Das klingt alles sehr nach Schleichwerbung...


----------



## Advertising_Guy (28. September 2008)

Ich mache keine Schleichwerbung, ich mache offensichtliche Werbung für den Laden ;-).

Na vielleicht sollten wir uns dann einfach mal treffen und zusammen die Filiale am Friedrich-Ebert-Damm besuchen. Was soll ich in Harburg, wenn ich in Hamburg wohne?

Die Unterschiedlichen Preise Internet/Laden sind nicht wirklich nachvollziehbar. Kostet bei Mercedes ein Wagen online weniger, als im Laden? Die Webseite führt die gleichen Waren, die zu gleichen Konditionen eingekauft wurden. Ob ich sie mir nun selbst aus dem Regal nehmen oder ein 400 Euro Jobber nimmst sie aus dem Regal und packt sie in ein Paket macht keinen großen Unterschied. Lagerkosten, Mitarbeiter, Logistik etc.  "Eine Webseite kostet weniger als ein Laden" ist leider kein Argument und erklären nicht Preisunterschiede von 4,90  und 29,90. Wobei ich immer noch denke, dass es sich mal wieder um einen Fehler in der Preisauszeichnung gehandelt hat. Oder kostet eine Sattelstütze der Eigenmarke wirklich soviel? Wenn es online bei BOC schon Markenteile für 30,- gibt.

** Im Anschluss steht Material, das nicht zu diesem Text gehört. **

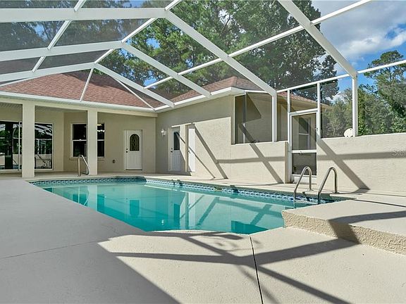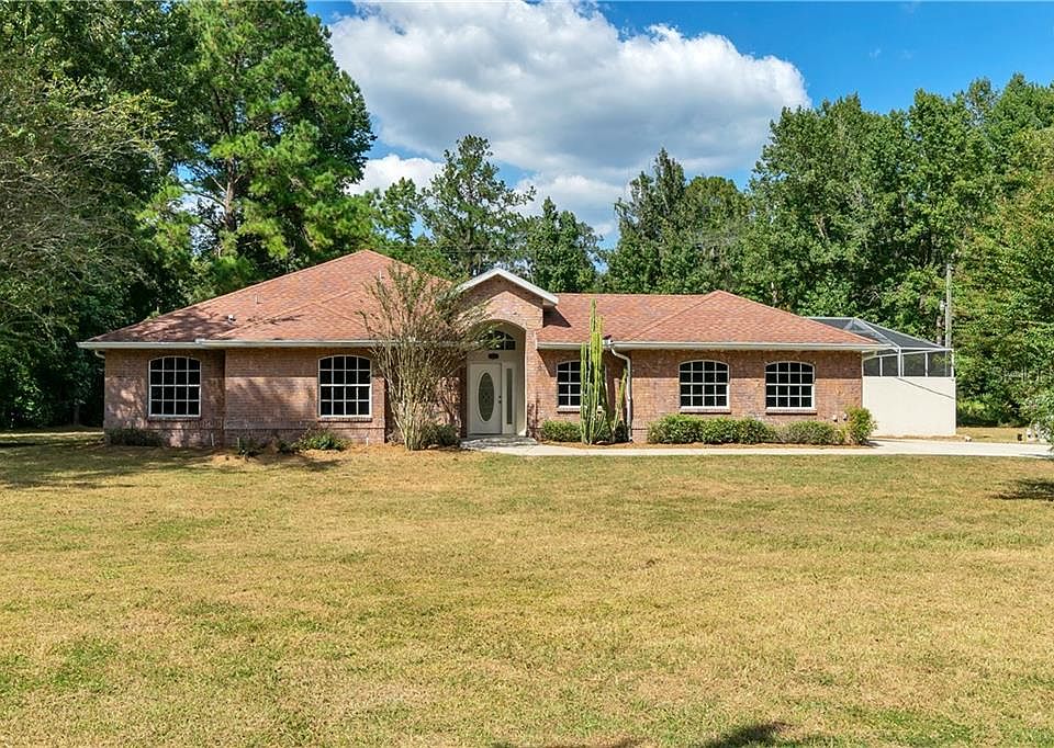 Gorgeous Courtyard Pool Home on 1.2 Beautiful Acres! Open Great Room design adjacent to wonderful kitchen showcasing stainless steel appliances, pantry closet, breakfast bar and designer fixtures. Fabulous Pool/Lanai area is the focal point of the home and includes its own dedicated full bath. Elegant Master Bedroom Suite with new lush carpeting, dual walk-in closets, jetted soaking tub, dual sinks and separate tiled shower. 3 Additional ample-sized bedrooms with new carpeting and lots of closet space. Amazing laundry room with base and wall cabinetry and laundry tub. Bonus features include Fresh paint throughout, split bedroom design, 16X16 tile flooring, oversized side-entry garage, large arched windows for natural light and massive rear yard surrounded by mature trees.

Aber warum im Laden vier Monate alte Prospekte mit alten Preisen ausliegen, verstehe ich nicht. Und warum ein Werkzeug im Regal 6,99 an der Kasse 4,99 und auf der Aktionsfläche 7,99 kostet, DAS versteht nicht mal der Verkäufer im Laden.

Mag sein dass es in Harburg oder Altona anders ist. Ein Laden ist nur so gut, wie sein Personal. Aber Friedrich-Ebert Damm ist wirklich schlecht, was den Service angeht. Und da bin ich leider nicht alleine mit der Meinung, wenn man sich umhört. Ich habe mir die Preise leider nicht ausgedacht. Ich hab auch absolut nichts dagegen Fahrrad Nielandt hatte den gleichen Preis und ich wollte mein Rad ja auch bei BOC abgeben, hätte ich nicht zufällig eine schnellere Alternative gefunden. Wobei der Preis bei BOC ein Schätzpreis war. Mein Rad mal reinschieben, damit man es sich genauer anschauen kann, dafür war keine Zeit, obwohl fünf Leute in der Werkstatt standen und im Laden keine weiteren Kunden waren.


----------



## John Rico (28. September 2008)

AndreZ. schrieb:


> Das klingt alles sehr nach Schleichwerbung...



Ach ne, erst läßt du dich wochenlang selbst bei den WE Touren nicht blicken und dann hier mit dummen Kommentaren kommen!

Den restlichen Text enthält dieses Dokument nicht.